■ **YOUR INSTRUCTIONS**
Your answer should repeat every line of the records below in which the word "وزير" appears.

■ **SOURCE MATERIAL**

──────

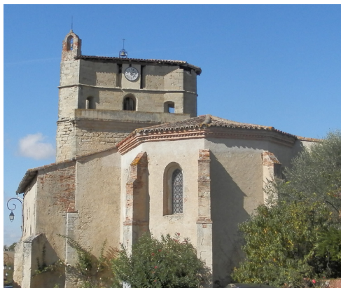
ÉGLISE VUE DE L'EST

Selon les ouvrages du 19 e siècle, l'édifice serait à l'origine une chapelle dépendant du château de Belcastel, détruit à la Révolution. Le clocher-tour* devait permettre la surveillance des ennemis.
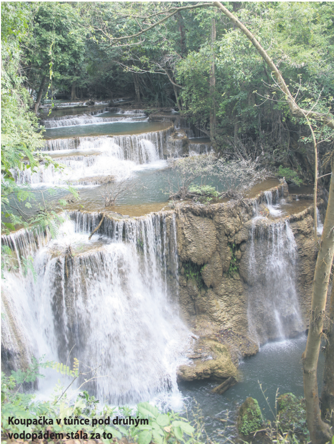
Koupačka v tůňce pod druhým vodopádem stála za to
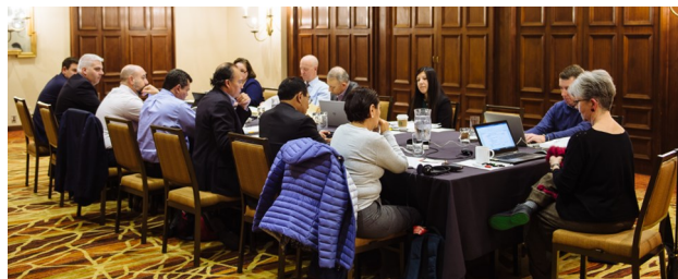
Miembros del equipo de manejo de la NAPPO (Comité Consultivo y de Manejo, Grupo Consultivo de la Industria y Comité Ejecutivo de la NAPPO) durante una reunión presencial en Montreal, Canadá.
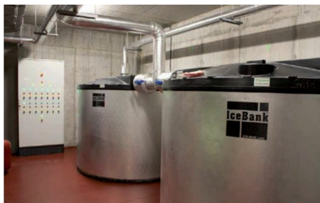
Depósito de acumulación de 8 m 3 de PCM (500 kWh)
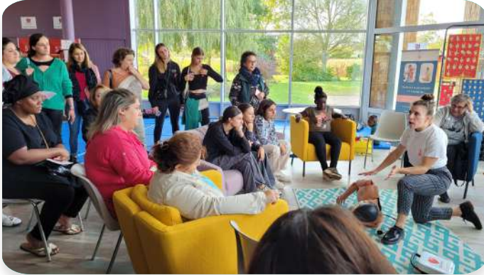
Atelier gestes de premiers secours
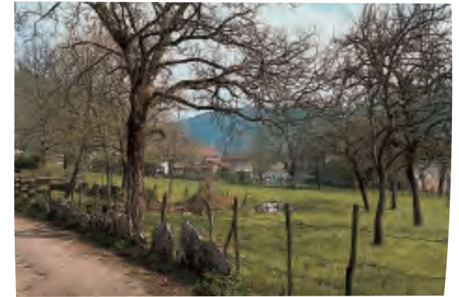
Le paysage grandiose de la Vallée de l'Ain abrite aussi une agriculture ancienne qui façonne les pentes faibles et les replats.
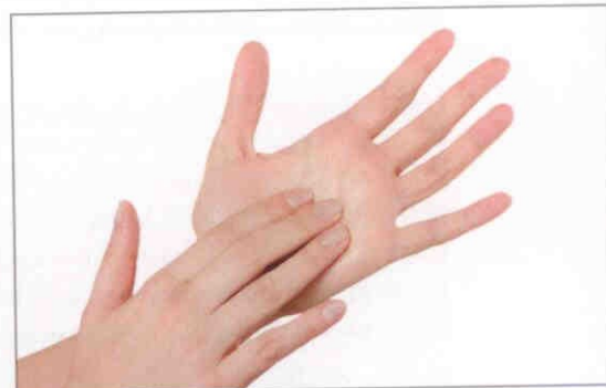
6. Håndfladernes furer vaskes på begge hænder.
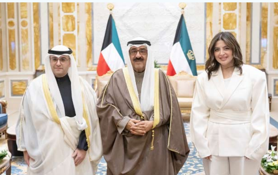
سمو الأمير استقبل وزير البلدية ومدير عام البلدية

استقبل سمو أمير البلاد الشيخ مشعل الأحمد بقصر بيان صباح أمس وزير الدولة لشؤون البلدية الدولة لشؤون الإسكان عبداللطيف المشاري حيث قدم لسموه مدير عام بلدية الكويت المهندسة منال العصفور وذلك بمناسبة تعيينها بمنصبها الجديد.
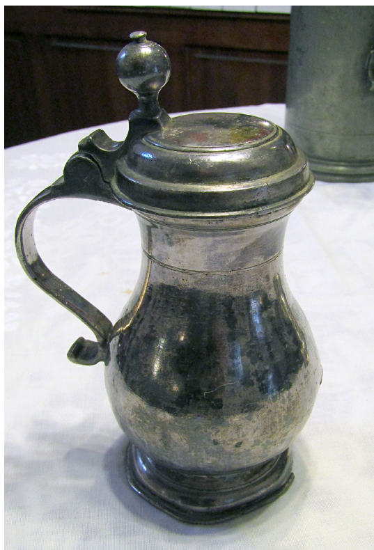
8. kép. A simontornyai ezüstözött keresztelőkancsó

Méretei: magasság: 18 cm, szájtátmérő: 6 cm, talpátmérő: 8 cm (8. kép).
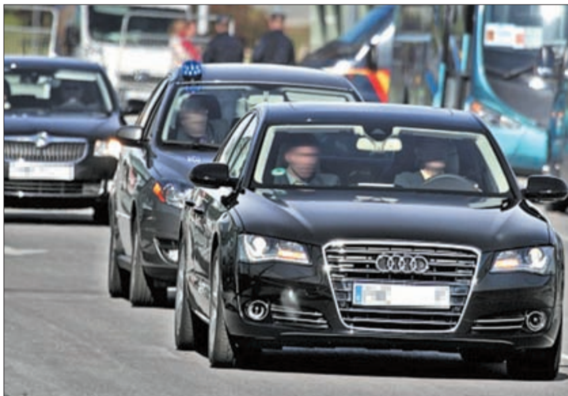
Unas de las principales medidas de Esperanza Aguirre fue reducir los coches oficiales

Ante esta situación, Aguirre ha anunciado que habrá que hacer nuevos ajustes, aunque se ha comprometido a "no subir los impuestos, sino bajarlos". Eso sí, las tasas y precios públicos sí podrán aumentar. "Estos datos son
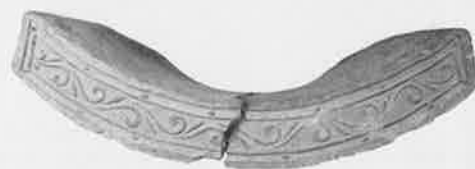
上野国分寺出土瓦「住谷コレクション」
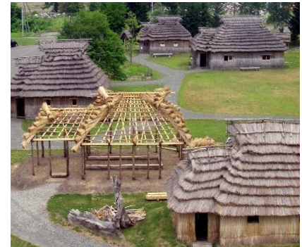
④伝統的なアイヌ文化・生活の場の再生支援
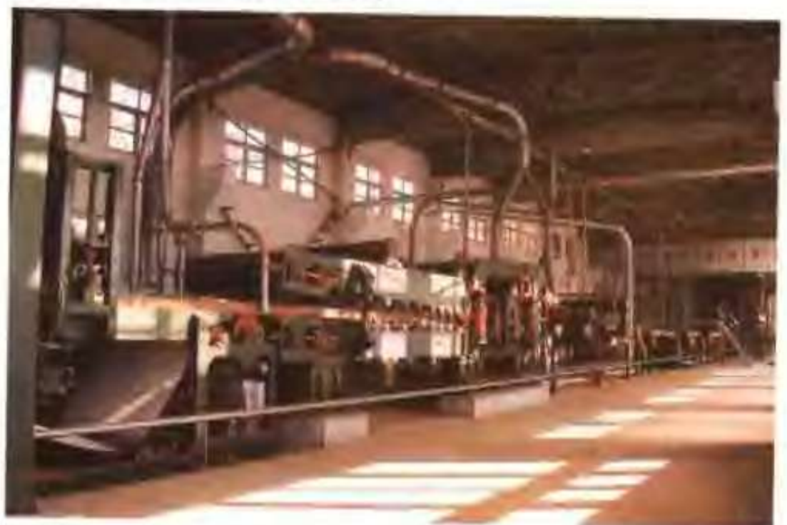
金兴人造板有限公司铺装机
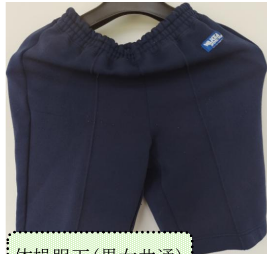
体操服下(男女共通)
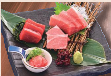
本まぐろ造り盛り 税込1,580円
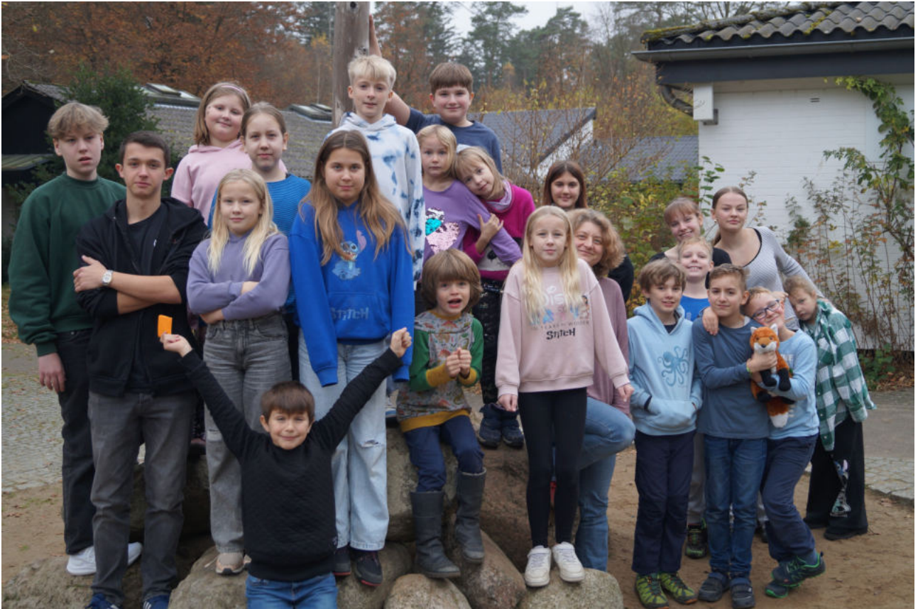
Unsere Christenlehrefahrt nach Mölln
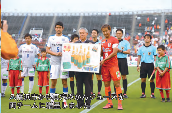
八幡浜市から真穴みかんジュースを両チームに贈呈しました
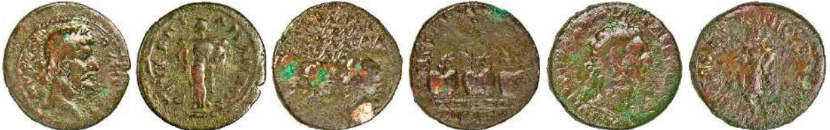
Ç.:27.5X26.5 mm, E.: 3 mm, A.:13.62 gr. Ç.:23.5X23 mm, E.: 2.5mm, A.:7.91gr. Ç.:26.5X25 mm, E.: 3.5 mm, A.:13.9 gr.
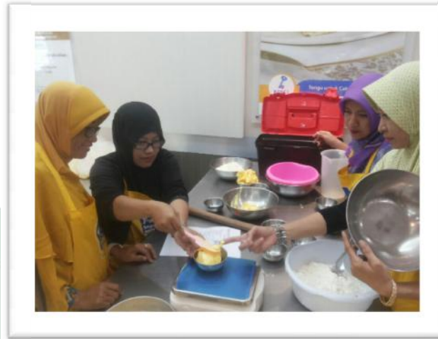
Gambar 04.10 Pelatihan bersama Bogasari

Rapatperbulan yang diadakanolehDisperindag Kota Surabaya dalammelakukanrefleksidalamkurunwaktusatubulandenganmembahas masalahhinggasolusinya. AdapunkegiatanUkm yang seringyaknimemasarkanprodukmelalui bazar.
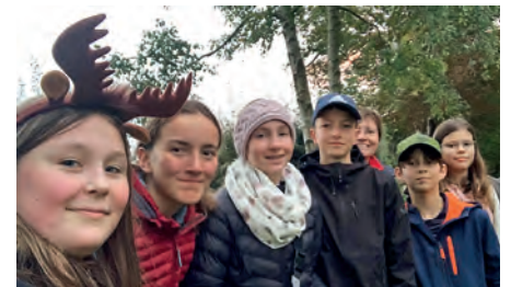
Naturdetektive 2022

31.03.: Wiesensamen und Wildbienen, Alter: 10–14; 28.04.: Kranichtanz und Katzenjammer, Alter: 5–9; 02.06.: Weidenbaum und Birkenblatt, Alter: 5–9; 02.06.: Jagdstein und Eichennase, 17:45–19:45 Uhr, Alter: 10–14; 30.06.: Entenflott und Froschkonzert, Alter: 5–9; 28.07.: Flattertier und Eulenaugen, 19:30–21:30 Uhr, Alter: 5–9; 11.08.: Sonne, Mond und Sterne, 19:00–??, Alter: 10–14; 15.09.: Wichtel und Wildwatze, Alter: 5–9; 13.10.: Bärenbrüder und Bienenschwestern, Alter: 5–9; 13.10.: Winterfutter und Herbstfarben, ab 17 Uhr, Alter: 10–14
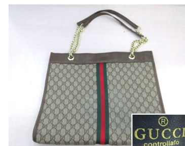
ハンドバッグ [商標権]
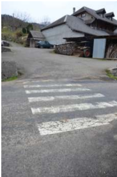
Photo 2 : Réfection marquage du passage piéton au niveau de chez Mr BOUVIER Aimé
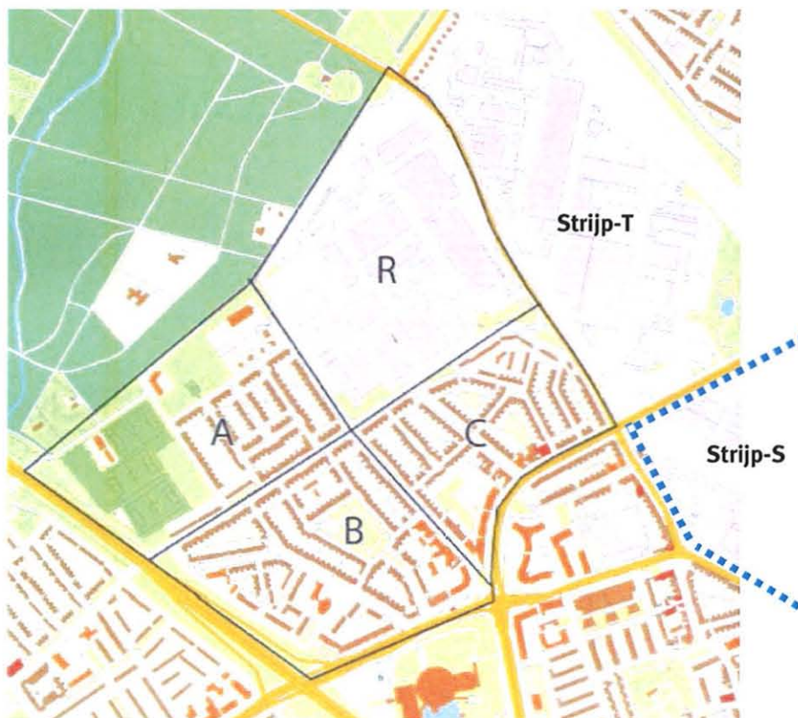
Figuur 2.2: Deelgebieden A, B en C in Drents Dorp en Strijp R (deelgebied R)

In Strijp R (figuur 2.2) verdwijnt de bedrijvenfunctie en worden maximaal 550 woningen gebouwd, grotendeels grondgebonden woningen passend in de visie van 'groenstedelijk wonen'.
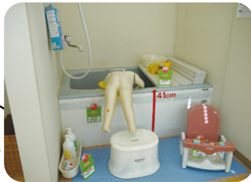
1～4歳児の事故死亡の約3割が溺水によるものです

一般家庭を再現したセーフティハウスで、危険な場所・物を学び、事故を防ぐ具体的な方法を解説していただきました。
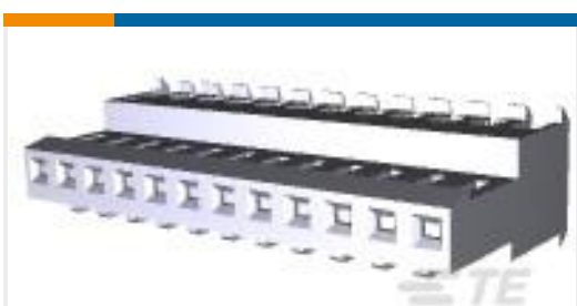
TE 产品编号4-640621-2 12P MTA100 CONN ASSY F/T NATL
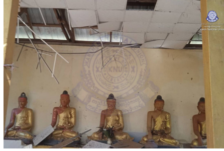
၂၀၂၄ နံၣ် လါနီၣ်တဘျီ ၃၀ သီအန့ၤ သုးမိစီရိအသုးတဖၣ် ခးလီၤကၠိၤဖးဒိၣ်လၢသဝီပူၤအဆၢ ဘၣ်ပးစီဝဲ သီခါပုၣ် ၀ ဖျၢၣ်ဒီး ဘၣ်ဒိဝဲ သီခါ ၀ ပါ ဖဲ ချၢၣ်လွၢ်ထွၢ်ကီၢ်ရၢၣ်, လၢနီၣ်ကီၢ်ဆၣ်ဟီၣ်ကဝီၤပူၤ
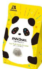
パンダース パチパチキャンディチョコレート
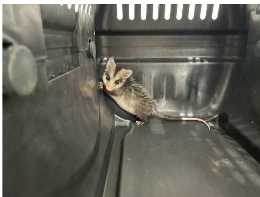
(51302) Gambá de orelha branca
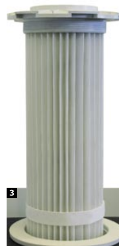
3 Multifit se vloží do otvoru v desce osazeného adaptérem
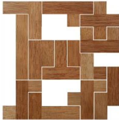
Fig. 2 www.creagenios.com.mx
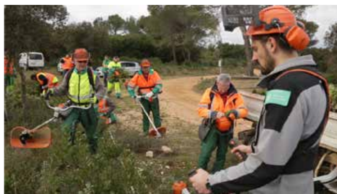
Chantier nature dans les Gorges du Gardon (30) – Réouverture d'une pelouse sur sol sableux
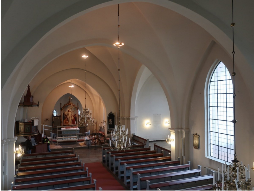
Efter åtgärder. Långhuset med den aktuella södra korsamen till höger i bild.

──────

■ **RESULT BELOW**
سمو الأمير استقبل وزير البلدية ومدير عام البلدية
استقبل سمو أمير البلاد الشيخ مشعل الأحمد بقصر بيان صباح أمس وزير الدولة لشؤون البلدية الدولة لشؤون الإسكان عبداللطيف المشاري حيث قدم لسموه مدير عام بلدية الكويت المهندسة منال العصفور وذلك بمناسبة تعيينها بمنصبها الجديد.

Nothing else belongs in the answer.